- WORK REQUEST -
Transcribe all of the records word for word, but omit the pictures.

== MATERIAL TO PROCESS

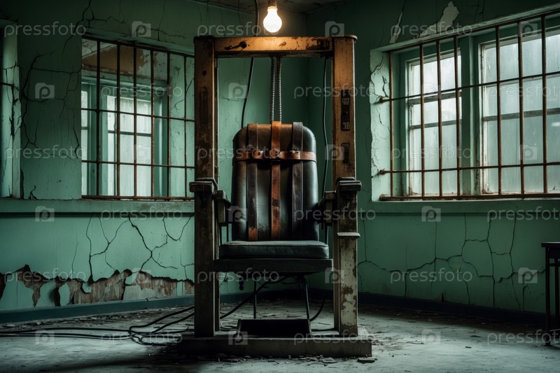 Интерьер камеры смертной казни, наказание заключенный виновен в электрическом стуле AI Generative
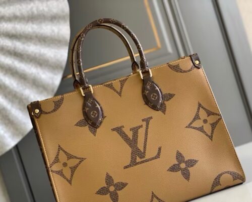 The name says it all: Onthego MM takes care of business or shopping, with plenty of room for a busy woman’s essentials. With classic Monogram canvas on one side and Monogram Reverse on the other, it is virtually two bags in one. Twin Toron top handles and two shoulder straps offer several different carry styles, for extra versatility.
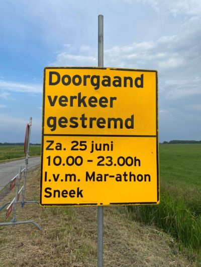 De Arriva bus brengt oans naar de Mardyk, dêr’t de start is. Dêr ankomen magge we nòch un warming-up kilometer naar de start toelope. Onderwech allemaal kreatieve teksten op bòrdsjes fan ‘zwaaien met je handen’ tot ‘huppelen als een vrolijk kind’.
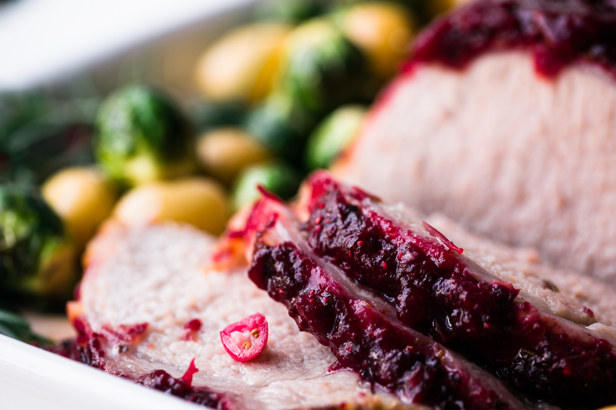 My Cranberry Glazed Pork Roast es un suculento lomo de cerdo asado con un toque de mostaza de romero y cubierto con arándanos y glaseado agridulce. Solo lleva una hora en el horno… ¿ya tienes hambre?
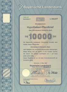 6 ½-prozentiger mündelsicherer Hypotheken-Pfandbrief über 10.000 DM, 1987. (Bayerisches Wirtschaftsarchiv, S39)
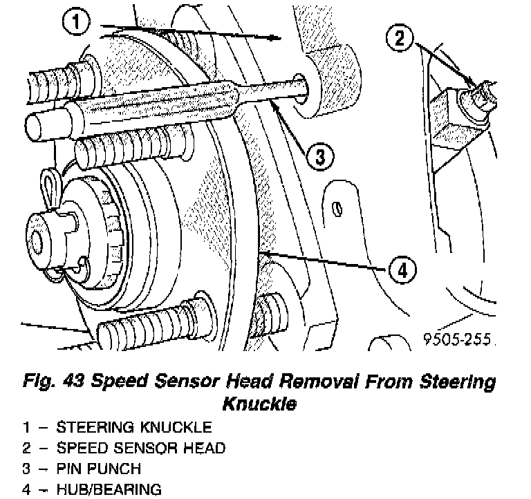 6. If speed sensor head can not be removed from steering knuckle by hand, the locating pin on the speed sensor head has seized to the steering knuckle do to corrosion. Remove speed sensor head from steering knuckle using the following procedure. Remove disc brake caliper from steering knuckle, and remove brake rotor from hub/bearing assembly. Then insert a pin punch through hole in front steering knuckle and tap speed sensor head locating pin out of steering knuckle.
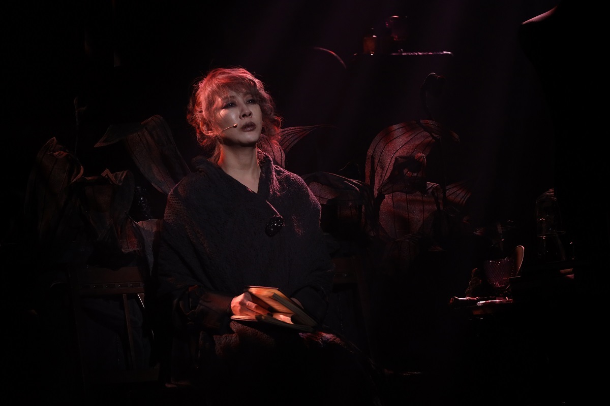 さらに朴は、「青い薔薇の教会」で、人を殺した吸血種の青年・モスカータも演じている。先ほどまで5歳のラッカを演じていたとは思えない、ハスキーな声と陰のある芝居で苦悩する姿に、驚かされた観客も多いはず。この短編は、赦されざる罪を犯した者と、それを赦そうとあがく神父による、切ない罪と罰の物語。罰としての死が赦されないモスカータは、神父から「罰せられるためではなく、いつか赦されるために」生きることを課せられていたのだ。ふたりの罪と罰の物語は、リリー自身が背負う永遠の罪と重なり、その後の展開にほの暗い呪いをかける。償いのために青い薔薇を育てるモスカータの誠実さや、罪の意識に苛まれるあまり衝動を爆発させてしまう危うさを、朴は繊細に演じてみせた。たった一編の物語だが、いつまでも胸に刺さり続ける芝居と歌声が印象的だった。
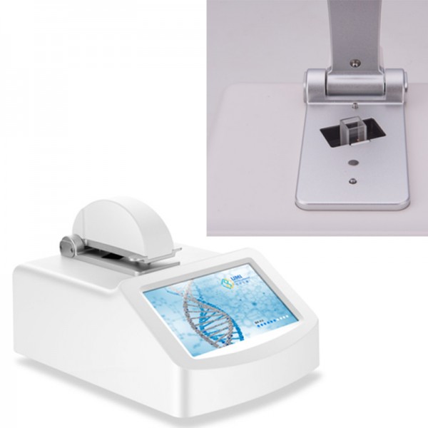 UNano-1000 超微量核酸分析仪采用 7 寸电容触摸屏和定制的操作系统,不需外接电脑,简单易用的数据至打印机选项,您可通过内甲打印机直接打印报告,使您高效方便的应用于生命科学方面的应用。
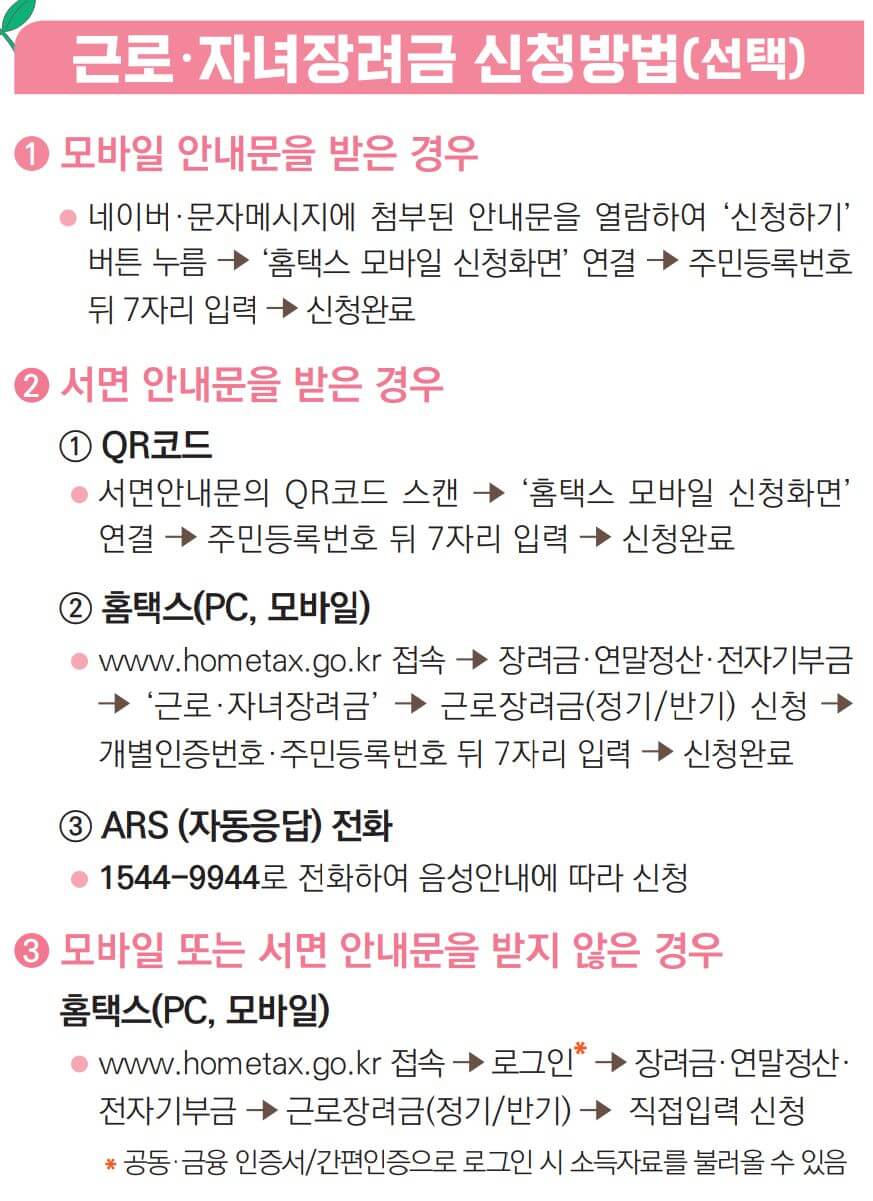 - 홈택스(모바일, PC) : 홈택스 접속 → 장려금, 연말정산, 기부금 선택 → 근로장려금 반기신청 → 직접입력 신청 → 신청요건 확인 → 인적사항 작성 → 전세명세금 작성 → 계좌번호 및 연락처 작성 → 신청확인 및 전송
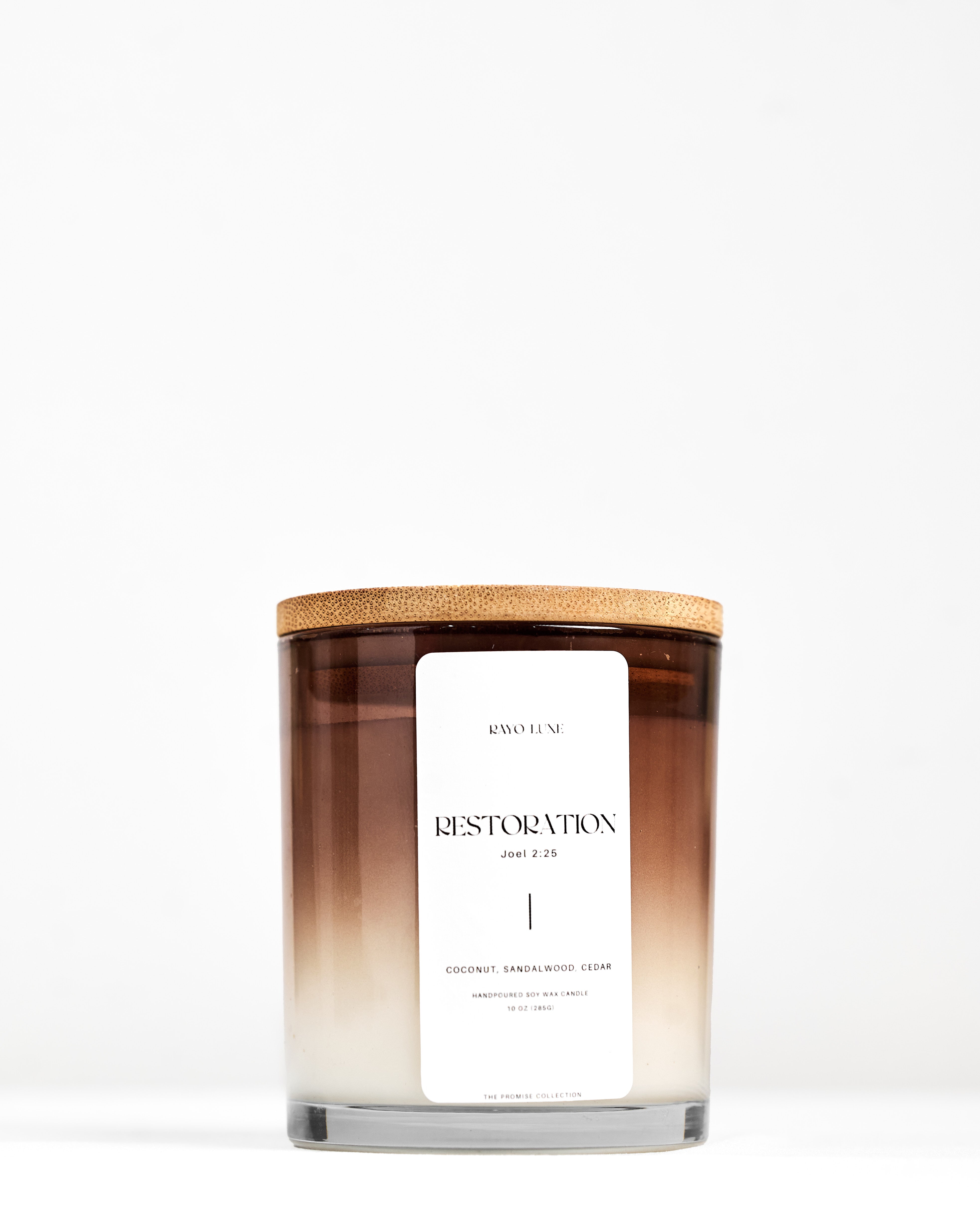 Part of our Promise Collection, the Restoration Candle is designed to bring peace and renewal to your space. Crafted with a soothing blend of Coconut, Sandalwood, and Cedar, this comforting fragrance opens with the creamy sweetness of coconut, grounded by warm, earthy sandalwood, and rich cedar—creating a scent that feels like a gentle embrace for the soul. Inspired by Joel 2:25, “I will restore to you the years that the locust hath eaten,” this candle serves as a reminder of hope, healing, and divine renewal. Light it to experience restorative calm and reflect on the promise of restored joy and peace. Perfect for personal moments of reflection or as a gift of encouragement

====

- ANSWER TO THE EXERCISE -
 Интерьер камеры смертной казни, наказание заключенный виновен в электрическом стуле AI Generative
 The name says it all: Onthego MM takes care of business or shopping, with plenty of room for a busy woman’s essentials. With classic Monogram canvas on one side and Monogram Reverse on the other, it is virtually two bags in one. Twin Toron top handles and two shoulder straps offer several different carry styles, for extra versatility.
 De Arriva bus brengt oans naar de Mardyk, dêr’t de start is. Dêr ankomen magge we nòch un warming-up kilometer naar de start toelope. Onderwech allemaal kreatieve teksten op bòrdsjes fan ‘zwaaien met je handen’ tot ‘huppelen als een vrolijk kind’.
 My Cranberry Glazed Pork Roast es un suculento lomo de cerdo asado con un toque de mostaza de romero y cubierto con arándanos y glaseado agridulce. Solo lleva una hora en el horno… ¿ya tienes hambre?
 6 ½-prozentiger mündelsicherer Hypotheken-Pfandbrief über 10.000 DM, 1987. (Bayerisches Wirtschaftsarchiv, S39)
 6. If speed sensor head can not be removed from steering knuckle by hand, the locating pin on the speed sensor head has seized to the steering knuckle do to corrosion. Remove speed sensor head from steering knuckle using the following procedure. Remove disc brake caliper from steering knuckle, and remove brake rotor from hub/bearing assembly. Then insert a pin punch through hole in front steering knuckle and tap speed sensor head locating pin out of steering knuckle.
 さらに朴は、「青い薔薇の教会」で、人を殺した吸血種の青年・モスカータも演じている。先ほどまで5歳のラッカを演じていたとは思えない、ハスキーな声と陰のある芝居で苦悩する姿に、驚かされた観客も多いはず。この短編は、赦されざる罪を犯した者と、それを赦そうとあがく神父による、切ない罪と罰の物語。罰としての死が赦されないモスカータは、神父から「罰せられるためではなく、いつか赦されるために」生きることを課せられていたのだ。ふたりの罪と罰の物語は、リリー自身が背負う永遠の罪と重なり、その後の展開にほの暗い呪いをかける。償いのために青い薔薇を育てるモスカータの誠実さや、罪の意識に苛まれるあまり衝動を爆発させてしまう危うさを、朴は繊細に演じてみせた。たった一編の物語だが、いつまでも胸に刺さり続ける芝居と歌声が印象的だった。
 UNano-1000 超微量核酸分析仪采用 7 寸电容触摸屏和定制的操作系统,不需外接电脑,简单易用的数据至打印机选项,您可通过内甲打印机直接打印报告,使您高效方便的应用于生命科学方面的应用。
 - 홈택스(모바일, PC) : 홈택스 접속 → 장려금, 연말정산, 기부금 선택 → 근로장려금 반기신청 → 직접입력 신청 → 신청요건 확인 → 인적사항 작성 → 전세명세금 작성 → 계좌번호 및 연락처 작성 → 신청확인 및 전송
 Part of our Promise Collection, the Restoration Candle is designed to bring peace and renewal to your space. Crafted with a soothing blend of Coconut, Sandalwood, and Cedar, this comforting fragrance opens with the creamy sweetness of coconut, grounded by warm, earthy sandalwood, and rich cedar—creating a scent that feels like a gentle embrace for the soul. Inspired by Joel 2:25, “I will restore to you the years that the locust hath eaten,” this candle serves as a reminder of hope, healing, and divine renewal. Light it to experience restorative calm and reflect on the promise of restored joy and peace. Perfect for personal moments of reflection or as a gift of encouragement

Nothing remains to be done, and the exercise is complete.